What she said.  You can't hold a conversation with anyone in the same room as an alert sun conure. Alert meaning awake. Hehe. I'll attach a photo of my mom's sun conure, Rocket.


----------



## SftWrmRain (Sep 8, 2009)

Thank you again for all the wonderful comments! I think you all just made my day - I love my flock so much and I love it that others can enjoy them too even if from afar. I took my baby cockatiels outside for the first time today into the sun since it is so warm and sunny outside. I'll attach a little collage I made of them in the grass for the first time. They looked scared to death!! There was a momma blackbird nearby hanging around outside her nest and when she heard my babies crying she kept making a sound that seemed to tell them she was going to eat them if they didn't stop it. Soo... I didn't keep them outside long.


----------



## SftWrmRain (Sep 8, 2009)

I think a couple of you mentioned Bella and Tiger having been busy with all the eggs. Well they HAVE been apparently!! I thought I'd post a quick update here in this thread since starting a new one on a cockatiel board may not be appropriate!!

Bella and Tiger are having their first clutch. Both are first time parents. Budgies/Parakeets normally have a clutch of 4-6 eggs, and usually the first clutch is either not fertile, or it's smaller than average. I've been candling Bella's eggs about every 3-4 days and they are all fertile except the most recently laid ones since it's too early to see fertility then.

Yesterday I peeked in her nest and found one of her chicks had hatched!!  I was so excited because Thursday (yesterday) was day 18 of incubation, so I guess I figured I'd have to wait until more like day 20.  So anyway, I took a picture of the little thing of course. When I peeked in again this morning guess what I found? TWO MORE babies had hatched AND.... she had laid ANOTHER egg!!!   

Soooooo now Ms. Bella is up to 11 laid eggs and 3 live babies, with all 3 babies hatching within 24 hours of each other!! I plan to watch Bella and Tiger and if they appear overwhelmed or if the youngest babies aren't being fed, or if they are being trampled, I'll start pulling the oldest for handfeeding so she can manage such a large clutch. I'll attach a picture from yesterday and one from today. 

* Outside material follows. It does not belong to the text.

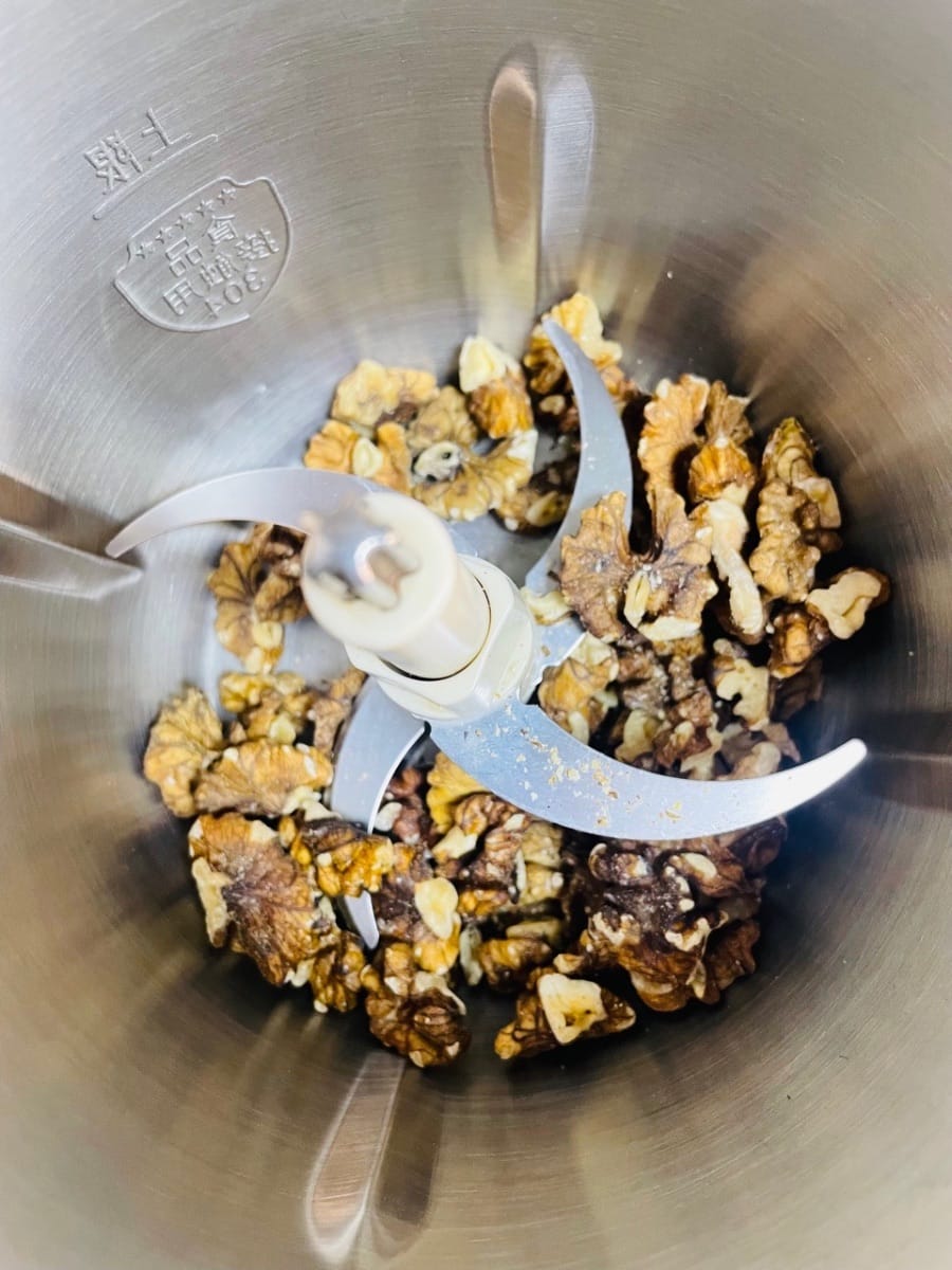 - Schiacciate o schiacciate le noci e mettetele da parte. Non schiacciatele troppo finemente; qualche pezzettino le renderà più saporite.

P.S. I didn't leave the dime in the nest box. I only used it when photographing them to give an idea of size.


----------



## roxy culver (May 27, 2010)

Ah they are sooo cute!!! At least they got some good outside time, how awesome!!!


----------



## Sophia (Aug 11, 2007)

I LOVE the third photo of the cockatiels! With them all looking at the camera


----------



## roxy culver (May 27, 2010)

Those lil babies are so tiny!!! You have quite a reproduction factory over there!!! lol


----------